Le chef de Vikander.
C'était la première fois que le Grand Duc se désignait lui-même comme le chef de Vikander.
Tandis que les nobles bourdonnaient face à la situation qui se déroulait sous leurs yeux, l'Empereur serra les dents et regarda le Grand Duc avec des yeux perçants.
Maintenant, son chien montrait les crocs. Il ne vivrait plus comme le chien de l'Empereur, mais comme le Grand Duc.
« …Ce que le Grand Duc désire tant ne serait pas d'assister au conseil des nobles. »
C'était un avertissement.
Un avertissement qu'il ne pourrait jamais obtenir la Mine de Cristal Blanc s'il continuait à agir ainsi. Cet avertissement n'avait jamais échoué.
Mais.
« …Je pense que le début de mes fonctions officielles serait la négociation avec Heferti. Votre Majesté. »
Un sourire dangereux pendait aux lèvres du Grand Duc.
Instantanément, l'Empereur baissa les yeux vers sa main. Il pensait que la laisse de son chien était éternelle. Il pensait l'avoir toujours en main, mais le gars s'échappait comme des grains de sable s'écoulant entre ses doigts.

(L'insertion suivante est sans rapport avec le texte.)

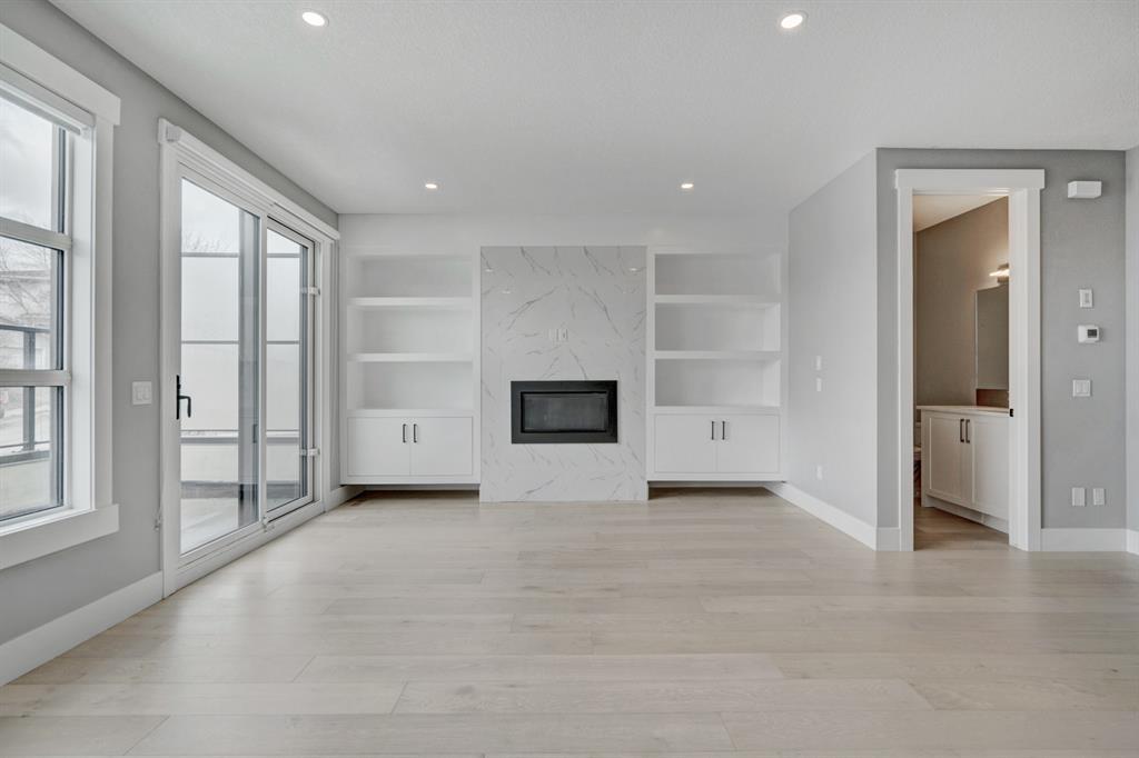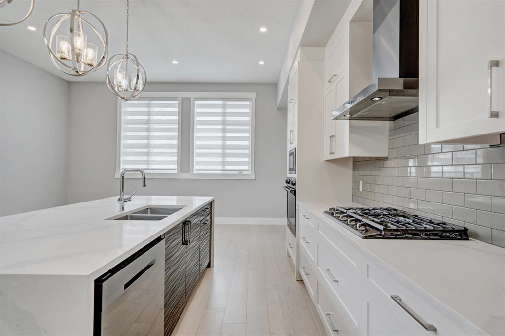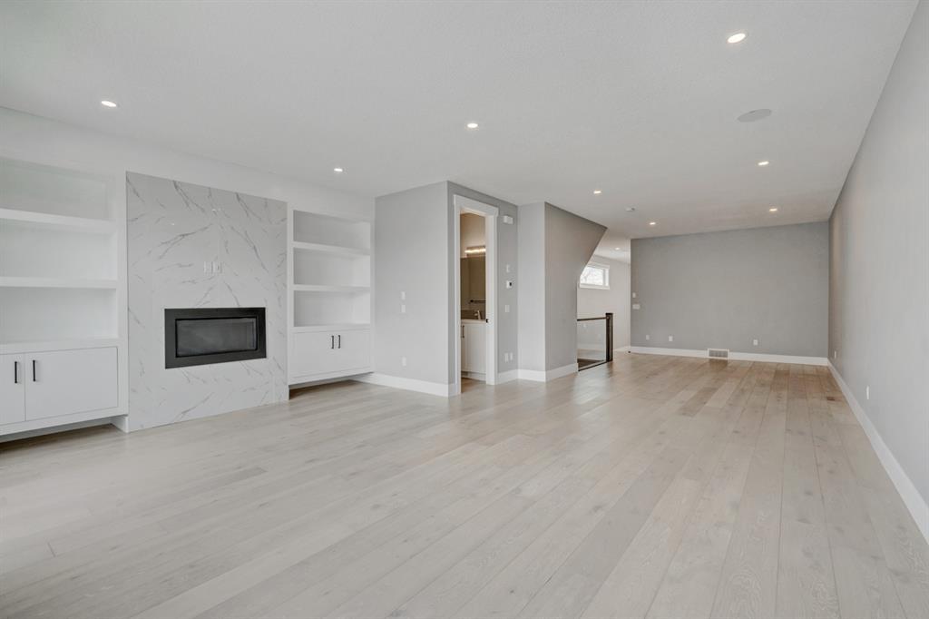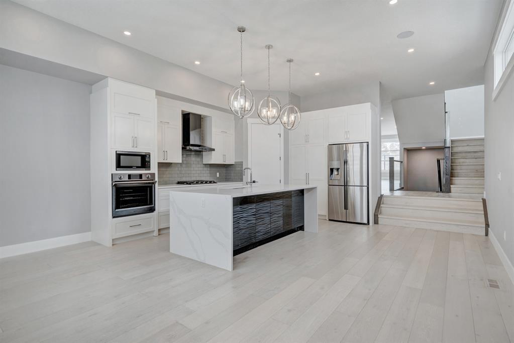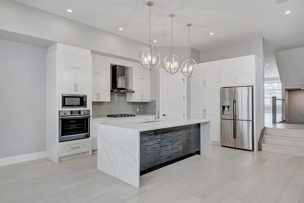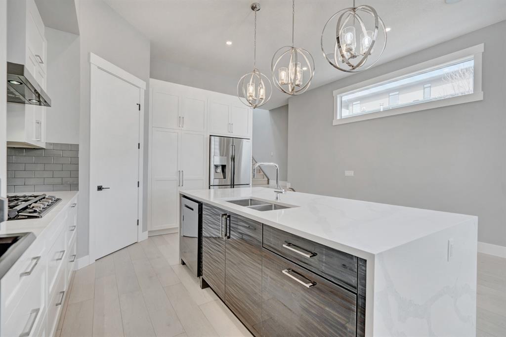 Indulge in a luxurious lifestyle with this stunning contemporary home in the highly sought-after neighborhood of Stanley Park. This impressive house is conveniently located just a stone's throw away from the parks, Elbow River, and MacLeod Trail. A timeless brick veneer provides a welcoming ambiance to this modern living space. Step inside to a bright, spacious entryway complete with a convenient bench and shoe rack. The living room offers breathtaking natural light through its Lux triple-glazed windows and features high ceilings and extensive built-ins on both sides of a quartz surround fireplace, perfect for cozy family gatherings. The sunken kitchen boasts an island waterfall-style quartz counter top and top-of-the-line Chef Collection stainless steel appliances, perfect for hosting parties or cooking dinners for loved ones. The upper level includes two large bedrooms, a beautiful 4pc bathroom with marble-looking tiles, and a primary bedroom suite with an ensuite bath, featuring a large shower with luxury rain/steam and a soaker tub. The home also comes equipped with solar energy infrastructure, pre-plumbed underground heating, and an extra-wide driveway capable of fitting two cars. This splendid home offers the perfect blend of elegance and comfort, making it an incredible choice for anyone looking for the ultimate living experience. (id:22211)

La Mine de Cristal Blanc ne fonctionnait pas. Qu'est-ce qui se passait ? Il aurait dû l'attacher fermement avec le mariage à la Princesse, quoi qu'il arrive.
Un goût amer lui monta à la bouche face au regret tardif. Mais l'Empereur savait que ce n'était pas la fin.
« …Réglons ce problème plus tard. Ce qui est urgent aujourd'hui, c'est la question du mariage entre le Grand Duc et Madeleine. »
La voix de l'Empereur tomba calmement. En même temps, les yeux du Marquis Etel brillèrent d'une lueur funeste et se tournèrent vers Olivia.
C'était maintenant la chance.
L'opportunité parfaite de placer sa précieuse cadette au poste de Consorte du Prince Héritier.